§ **What you are asked to do**:
Lines from the one with "Los sitios de muestreo (Figura" up to and including the one with "Амалга оширилаётган ишлар" are to be copied exactly from the records below, without their pictures.

§ **Data shown**:
+ + + +
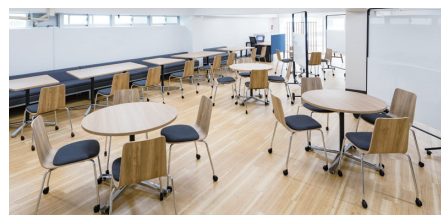
ラーニングコモンズ B1F

通常の授業を行っています。最新のパソコンが並んでいます。放課後などの授業時間外でも使用できます。
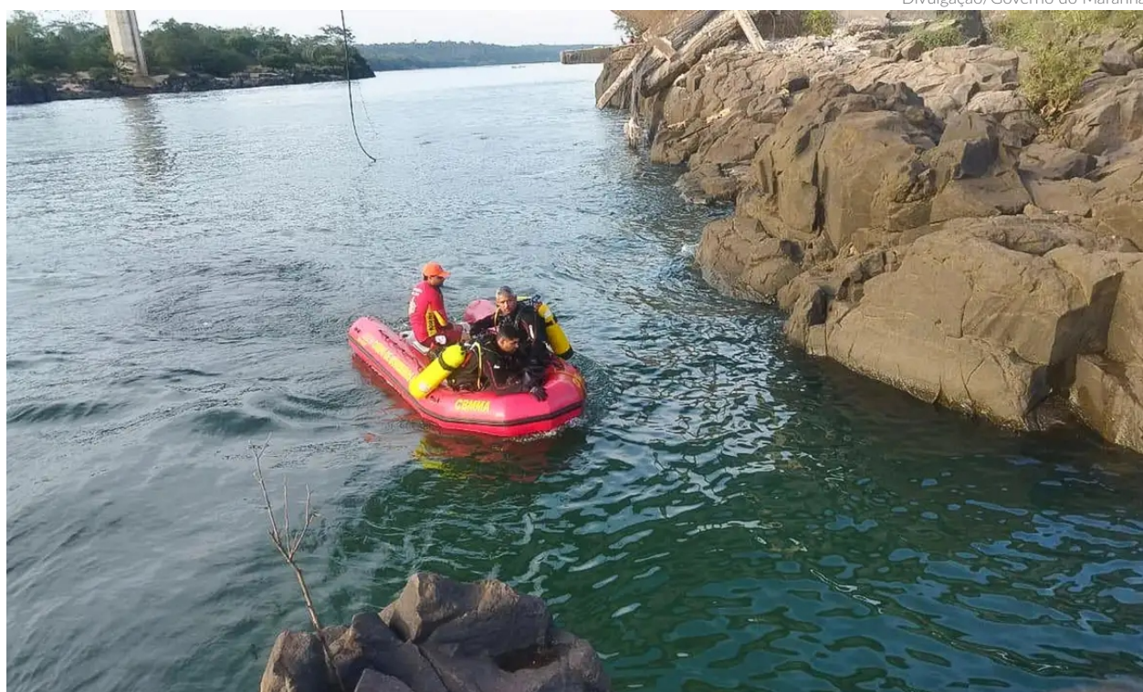
As buscas pelas vítimas do desabamento da ponte Juscelino Kubitschek prosseguem, mas enfrentam desafios devido às chuvas, que tornam as águas do rio Tocantins mais turvas

Da Redação redacao.jornal@redebeneews.com.br
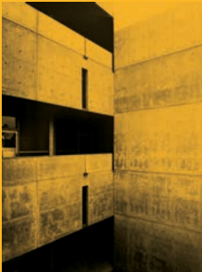
Louis Kahn Salk Institute For Biological Studies 1965
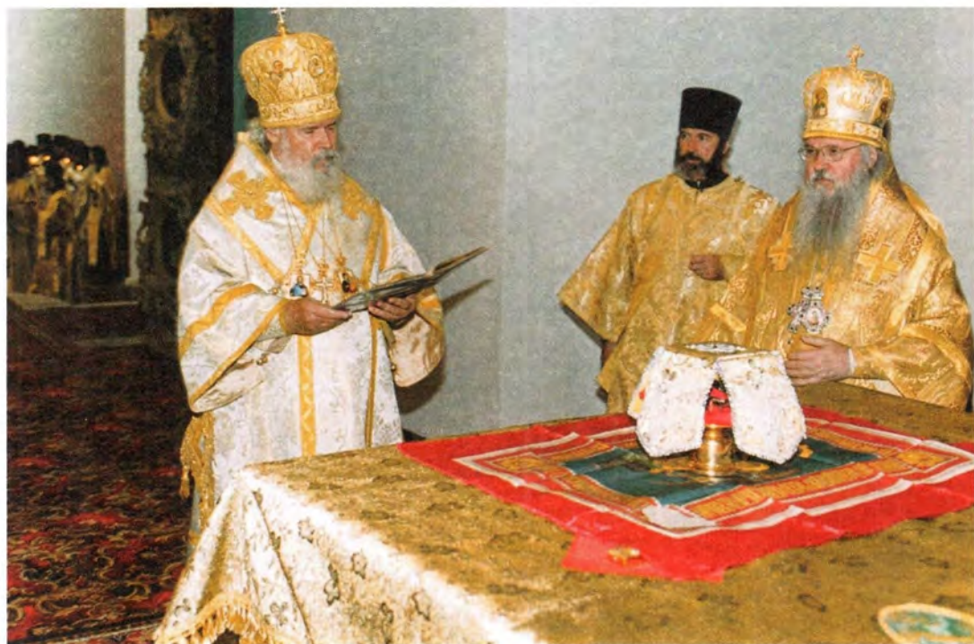
За Божественной литургией в Христорождественском соборе
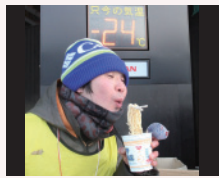
凍るヌードル「陸別町」

北海道十勝東北部に位置する4町、ギョウジャニンニクを始め山菜、イモ類・かぼちゃなどの農産物、秋鮭・ししゃもなどの水産物が豊富な「浦幌町」。鉄道運転体験のできる日本一寒いまち「陸別町」。高さ3mにもなる螺旋(らわん)プキや放牧酪農の盛んなまち「足寄町」。寒暖の差が大きく良質な豆の生産地「本別町」。広大な大地が生み出す農畜水産加工品をご賞味ください。
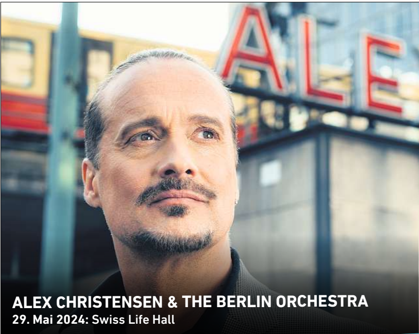
ALEX CHRISTENSEN & THE BERLIN ORCHESTRA 29. Mai 2024: Swiss Life Hall

Nähere Informationen und Anmeldung: jukiks-programm.de
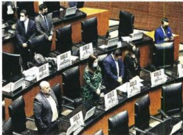
■ Legisladores panistas llevaron a la sesión de la Permanente carteles con cifras sobre diversos delitos en la actual gestión
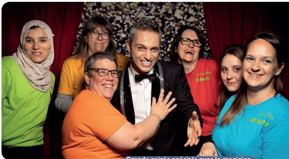
Grande soirée spéciale avec le magicien

> Au mois de mars, les Lucioles ont pu bénéficier de la salle Philippe Gagnière à la Maison des Associations deux mardis par mois afin de se réunir et de proposer différentes activités aux enfants jusqu'aux vacances d'été. Psychomotricité, chants, racontes tapis, activités manuelles et bien d'autres sont au programme. Nous sommes dans l'attente de pouvoir de nouveau profiter de cette salle prochainement. Nous aimerions proposer une animation musique et sophrologie.
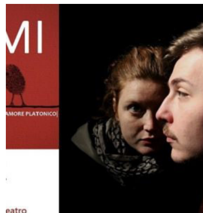
"Semi" al Sancarluccio: le parole e l'incomunicabilità
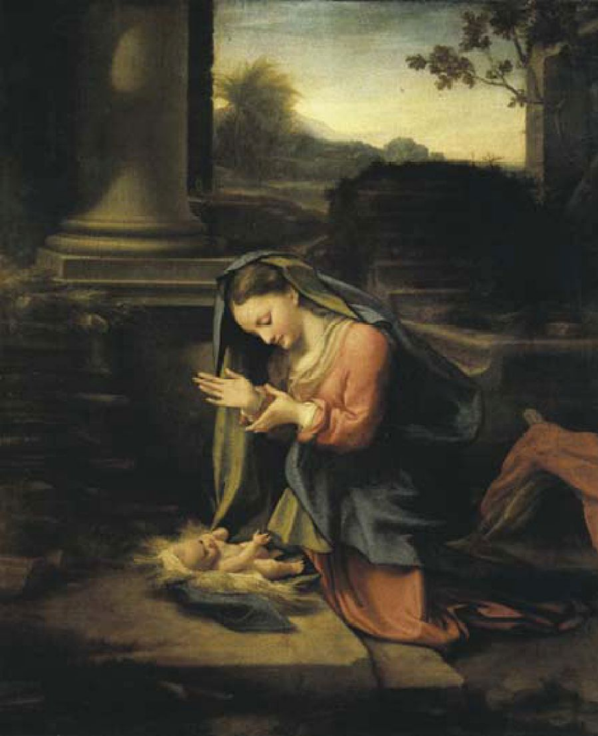
Корреджо. «Поклонение младенцу Христу». Ок.1520.
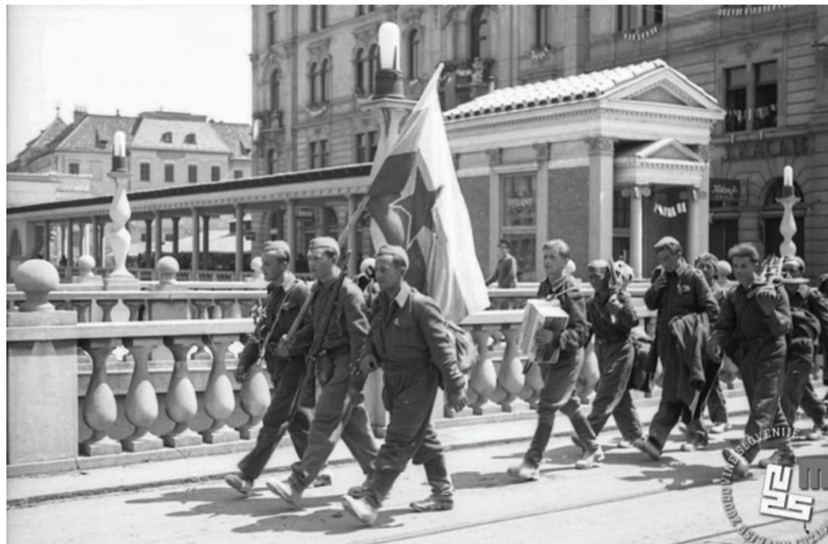
Prihod partizanov v Ljubljano 9. maja 1945.

Brez dvoma je prihodnost narodov in držav v Evropi odvisna tudi od tega, na kakšen zgodovinski spomin se opira. Tega se očitno zaveda Evropski parlament (EP), ki je 19. septembra letos (2019) sprejel resolucijo Pomen evropskega zgodovinskega spomina za prihodnost Evrope (R 2019). S to resolucijo, ki so jo podprli tudi slovenski poslanci razen ene same izjeme (dr. Milan Brglez), EP po eni strani nadaljuje, hkrati pa dopolnjuje usmeritev, ki jo je pred desetimi leti začrtala Resolucija o evropski zavesti in totalitarizmu (2. april 2009). Letošnja resolucija naj bi prispevala h krepitvi enotnosti »evropske družine«, ki se je precej povečala 2004, ko so se vanjo »vrnile« države, ki so trpele »pod sovjetsko okupacijo in komunistično diktaturo«; ker je od tega leta (pohlevna) članica te družine tudi Slovenija, je prav, da vsaj v grobem
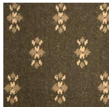
COFFEE BEAN BROWN

Moquette tissage axminster à dessin multidirectionnel Merlin - Raccord 15.24cm x 11.43cm -10 coloris de stock
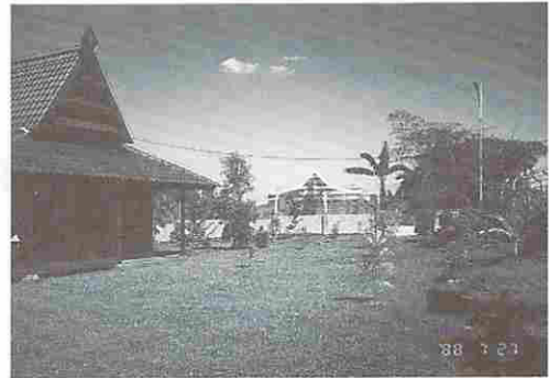
図3 富山村の「友好の館」

豊田パーティー一行の面々は新装早々の「友好の館」の一室で医学部の先生方の準備された朝食の御馳走に与かりながら改めて自己紹介、これまでの経緯の概要、明日の学術交流会打合せなどを済ませ敷地内を見学した。図4～6はその折りのスナップである。時刻は
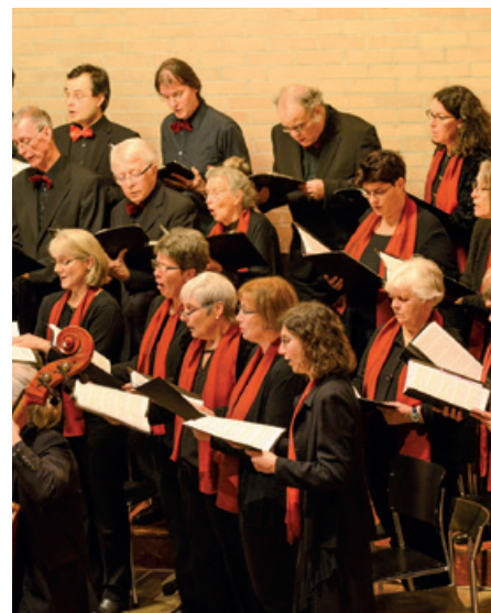
Adventskonzert der Kantorei 2019.
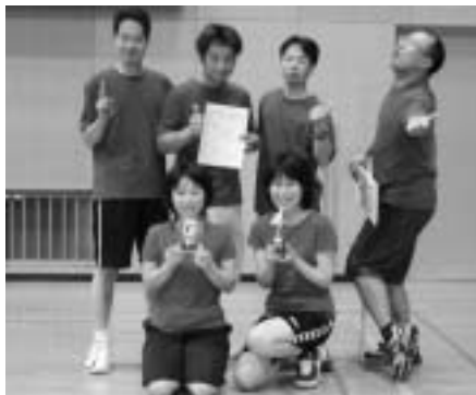
一般の部優勝 プリプリD
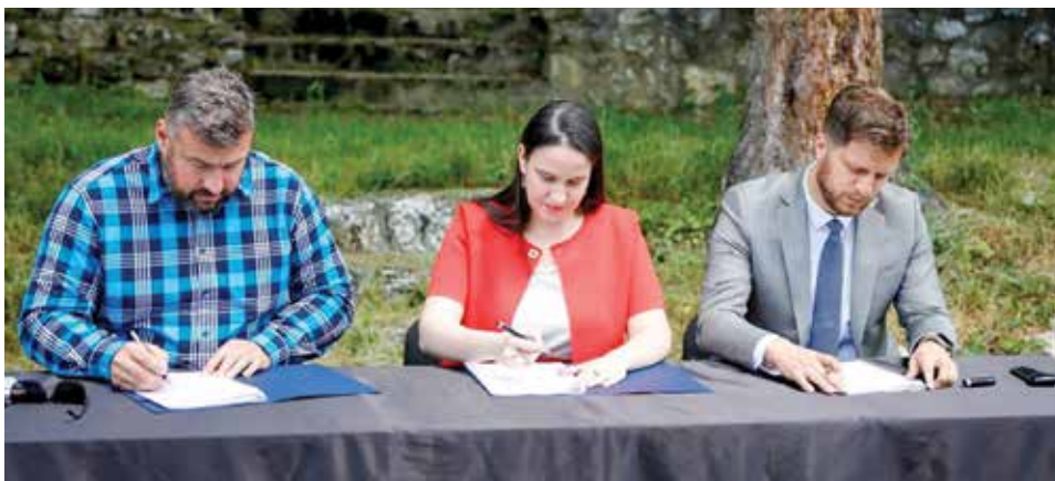
Sa potpisivanja ugovora za obnovu igrališta Medrese

Općina Stari Grad Sarajevo će dobiti značajna sredstva za obnovu fasada i unapređenje energetske efikasnosti. Projekti pod vodstvom Grada Sarajeva, uz podršku Kantona Sarajevo i Općine Stari Grad, imaju za cilj revitalizaciju nekoliko objekata, doprinoseći tako kolorističkoj obnovi fasada i energetske efikasnosti. Projekti obuhvataju uređenje fasada na
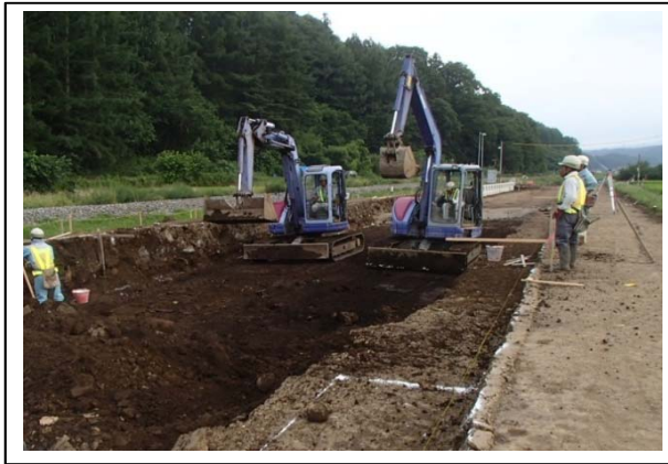
←土砂掘削状況 (平成25年8月)
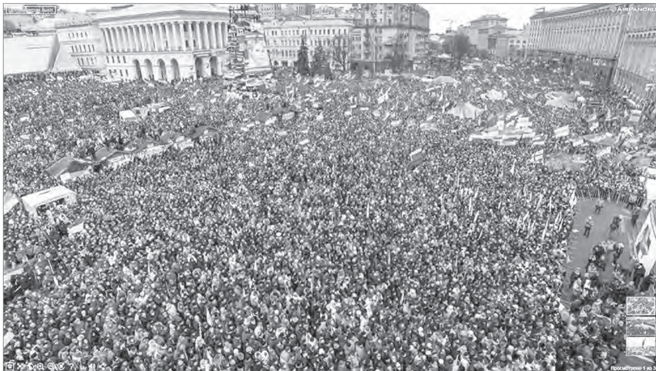
Slika 5: Trg neodvisnosti in protesti ob revoluciji dostojanstva (Euromaidan) leta 2014

turnih prvin mesta. Vozlišča se danes ne dojemajo več v smislu koncepta, ki ga je razvil Lynch, ampak kot skupek procesov, povezanih s človekovim preživetjem in spremembami krajin na vseh ravneh. Ta sprememba je povezana s temeljnimi topološkimi prvini prostora z vidika gibanja in vidnosti. Nekatera vozlišča – zlasti stara mestna jedra, območja, ki si jih prebivalci zapomnijo po dogodkih, ki so tam potekali, in trgi, ki izstopajo zaradi verskih, arhitekturnih in izobraževalnih ustanov – imajo vlogo simbolnih mestnih središč in so del prostorske identitete mesta.
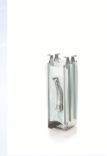
Paketli enstrümanlar için paket tutucu (Material Nr: 00126)
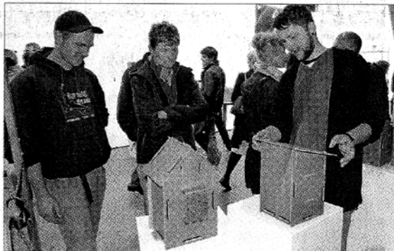
Zahlreiche Interessierte besuchten am Sonnabend und Sonntag die Ausstellung auf dem Werkhof in Kukate – und ließen sich auch die Vogelhäuschen erklären.
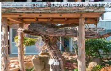
現存する最も古いブドウの木（甲州市勝沼）

平成30年5月に「葡萄畑が織りなす風景～山梨県峡東地域～」が日本遺産に認定されました。山梨市・笛吹市・甲州市の3つの市から成る峡東地域は、現在国内随一の日本ワイン生産地となっていますが、その背景には先人達の知恵と工夫、たゆまぬ努力がありました。そんな日本ワインのルーツを探る旅へ出かけませんか？地元を熟知したガイドが丁寧にご案内します。
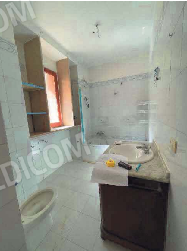
Figura 22. LOTTO UNICO: Immobile pignorato al F. 57, P.IIa 2660, Sub. 4 ubicato in San Giovanni Rotondo alla Via E. Mandes n. 27 (bagno).
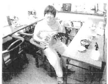
対面での食事を避ける
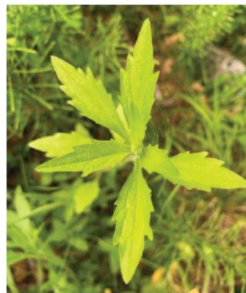
Hellgrüne behaarte Blätter, am Rand grob gezähnt
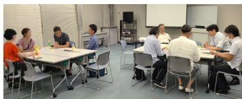
起業カフェの風景
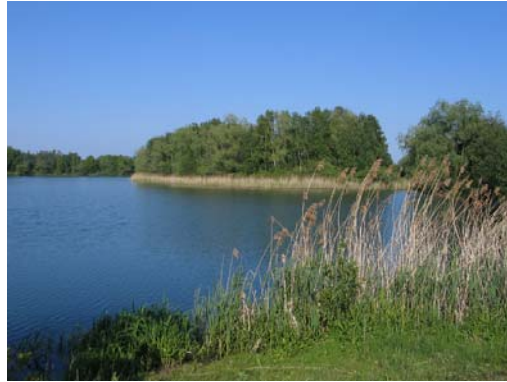
See bei km 25,5

Extra: In Steinwedel befindet sich in der Ramhorster Straße nahe der Einmündung Koppelweg ein Bambusinformationszentrum www.bambus-info.de .
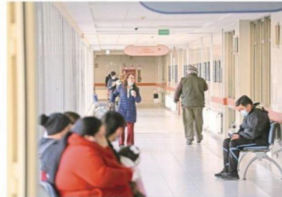
El Hospital Clínico se encuentra sin médico oncólogo desde enero de este año.

Frente a esta fragilidad, el gobernador Flies avizora que las soluciones para la región a me-
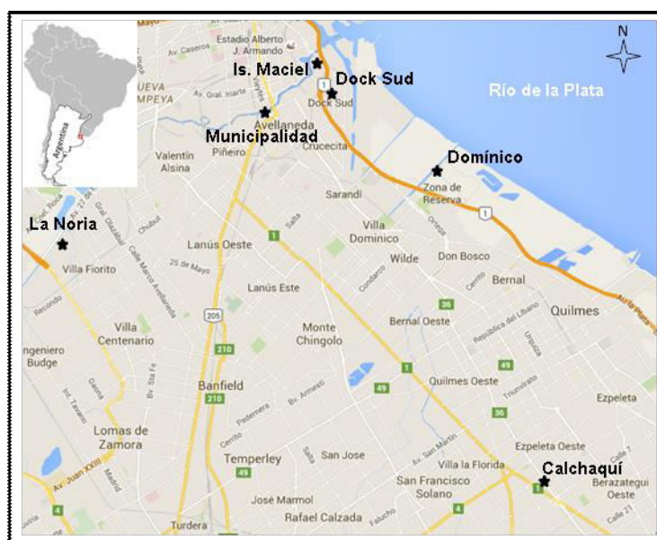
Figura 1. Área de estudio y ubicación de los sitios de muestreo.

Los sitios de muestreo (Figura 1) se seleccionaron considerando: alta intensidad de tránsito automotor (Calles: Municipalidad; Avenidas: Puente La Noria y Calchaquí), cercanía a fuentes industriales (Isla Maciel y Dock Sud), áreas de actividad hortícola periurbana y reserva (Quintas Domínico). Durante los meses de agosto a octubre, en cada sitio de muestreo se colocaron dos colectores de partículas (para análisis de metales y contaminantes orgánicos respectivamente) durante dos periodos mensuales. Asimismo en cada sitio se colectaron muestras integradas de suelo y sedimento vial.
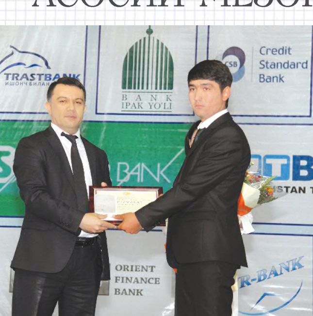
Амалга оширилаётган ишлар муносиб баҳоланмоқда. Жумладан, жорий йилнинг 10-11 апрель кунлари «Ўзқурғаз-масавдо» марказида ўтказилган банк технологиялари, ускуналари ва хизматлари бағишланган анъанавий «BankExpo — 2013» миллий курғазмада мазкур банк «Инновацион лойиҳаларни қўлаб-қувватловчи энг янги банк» номинацияси бўйича голиб, деб топилди. Бу юксак эътироф «Асака» давлат-акциядорлик тижорат банки жамоасини янги марралар сари илҳомлаштириши тайин.

Мазкур банк ўз фаолиятини жаҳон стандартлари талаблари даражасига етказишга интилиш орқали мамлакатда юқори рақобатбардош, ички бозор ва экспорт талабларига мос маҳсулотлар ишлаб чиқаришга кўмаклашмоқда. Устувор мақсадлар сари интилаётган «Асака» давлат-акциядорлик тижорат банки кундан-кунга сони ортаётган мижозларига юқори сифатли банк хизматларини тақдим этиб, ҳар томонлама ишончли ҳамкорга айланаётди.
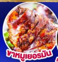
ขาหมูเยอรมัน
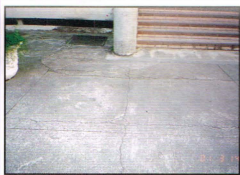
▲中正樓與新北樓間走道因水泥地板出現裂痕將整修

【本刊訊】圖書館在園遊會當天，於閱覽室(二)舉辦舊書展，這項活動持續了一個禮拜，給每班圖書股長與教職員們登記來索取舊書。 在圖書館供索取的書，主要是在圖書館儲藏室中堆藏的舊書，這些書大部分是圖書館藏有副本或學校不需要擺放的書。舉辦這次書展，目的是為了將這些圖書出清，並給一些需要的老師或同學們，一來可以擴充每班的班級書庫，也可將不需要的圖書出清，讓每一本書的價值發揮到極至。 這次書展的舊書，許多是超過二、三十年的絕版書，但目前都有內容更豐富的新版，這些舊書價值自然不那麼重要，圖書館現在正努力蒐集的是附中自己出版的刊物，許多早期的附中青年在圖書館至今都找不到，這些特屬附中的刊物，才是目前圖書館急需收藏的。 (記者/許師倫)
+ + + +
§ **Output for this exercise**:
Los sitios de muestreo (Figura 1) se seleccionaron considerando: alta intensidad de tránsito automotor (Calles: Municipalidad; Avenidas: Puente La Noria y Calchaquí), cercanía a fuentes industriales (Isla Maciel y Dock Sud), áreas de actividad hortícola periurbana y reserva (Quintas Domínico). Durante los meses de agosto a octubre, en cada sitio de muestreo se colocaron dos colectores de partículas (para análisis de metales y contaminantes orgánicos respectivamente) durante dos periodos mensuales. Asimismo en cada sitio se colectaron muestras integradas de suelo y sedimento vial.
Амалга оширилаётган ишлар муносиб баҳоланмоқда. Жумладан, жорий йилнинг 10-11 апрель кунлари «Ўзқурғаз-масавдо» марказида ўтказилган банк технологиялари, ускуналари ва хизматлари бағишланган анъанавий «BankExpo — 2013» миллий курғазмада мазкур банк «Инновацион лойиҳаларни қўлаб-қувватловчи энг янги банк» номинацияси бўйича голиб, деб топилди. Бу юксак эътироф «Асака» давлат-акциядорлик тижорат банки жамоасини янги марралар сари илҳомлаштириши тайин.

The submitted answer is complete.